I look at the world’s economic problems these days and my mind turns to poetry. I think of W.H. Auden’s tragically appropriate poem, September 1, 1939, which speaks of “…hapless governors wake/to renew their compulsory games/who can release them now…” And of the last lines of T.S. Eliot’s Hollow Men: “This is the way the world ends/This is the way the world ends/Not with a bang, but a whimper.”
Today I read about leaders of Europe’s big four economies (Germany, France, Italy and Spain) meeting to try, yet again, to do something constructive about their euromess. They will of course settle noting of consequences in this regard. The same way the just completed election in Greece did nothing to solve these problems The way a G-20 meeting a few days back in Mexico, a meeting of leaders of the world’s 20 largest economies, did nothing of consequence. And the way that another meeting next week of the 17 leaders of all the countries in the EU will doubtless…well, you get the idea.

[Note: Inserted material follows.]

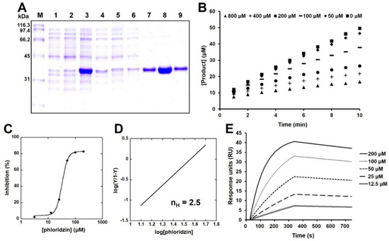 PTP-MEG2 inhibition by phloridzin. (A) Polyacrylamide gel electrophoresis (PAGE) analysis of PTP-MEG2 (molecular weight: 37.8 kDa). M: molecular weight marker, lane 1: total sample before induction, lane 2: supernatant before induction, lane 3: total sample after induction, lane 4: supernatant after induction, lane 5: sample passed through the column after sonication, lane 6: sample after washing the column using lysis buffer, lane 7: sample after washing the column using 10 mM imidazole, lanes 8–9: protein eluted using 100 mM imidazole. (B) Progress curves showing inhibition of PTP-MEG2 by phloridzin at 800 μM (▲), 400 μM (+), 200 μM (●), 100 μM (▬), 50 μM (♦), and 0 μM (■). (C) IC50 values estimated by fitting the sigmoid plot for % inhibition versus various concentrations of phloridzin (200, 100, 50, 25, 12.5, 3.125, and 0 μM). (D) Hill coefficient (nH) was calculated from the slopes of the Hill plots created according to the Hill equation. (E) SPR analysis was performed in running buffer (5% DMSO in PBS) using a Reichert SR7500DC system. Purified PTP-MEG2 was injected for 3 min at a flow rate of 20 μL/min. Interaction analyses were performed by injection of increasing concentrations (12.5 to 200 μM) of phloridzin at a flow rate of 30 μL/min. Association and dissociation signals were monitored for 300 and 420 s, respectively. All experiments were independently repeated at 3 times.

Here’s the simple truth. There are no near-term nor probably mid-term solutions to these problems. The western world overspent for decades and now can’t repay the bills. Austerity won’t fix things. Neither will pumping out a lot more government issued play money because even if this didn’t generate inflation, structural idiocies generated over decades ensure that the extra lolly produced will get scooped up by the top one percent, easing the consuming capacities and pain of others not a whit.
Hapless governors. Whimpering. Meeting again and again to posture a bit more to puff up capital markets another day or two, capital markets whose primary aim is no longer to invest in productive job-creating ventures, but derivative-based gambling.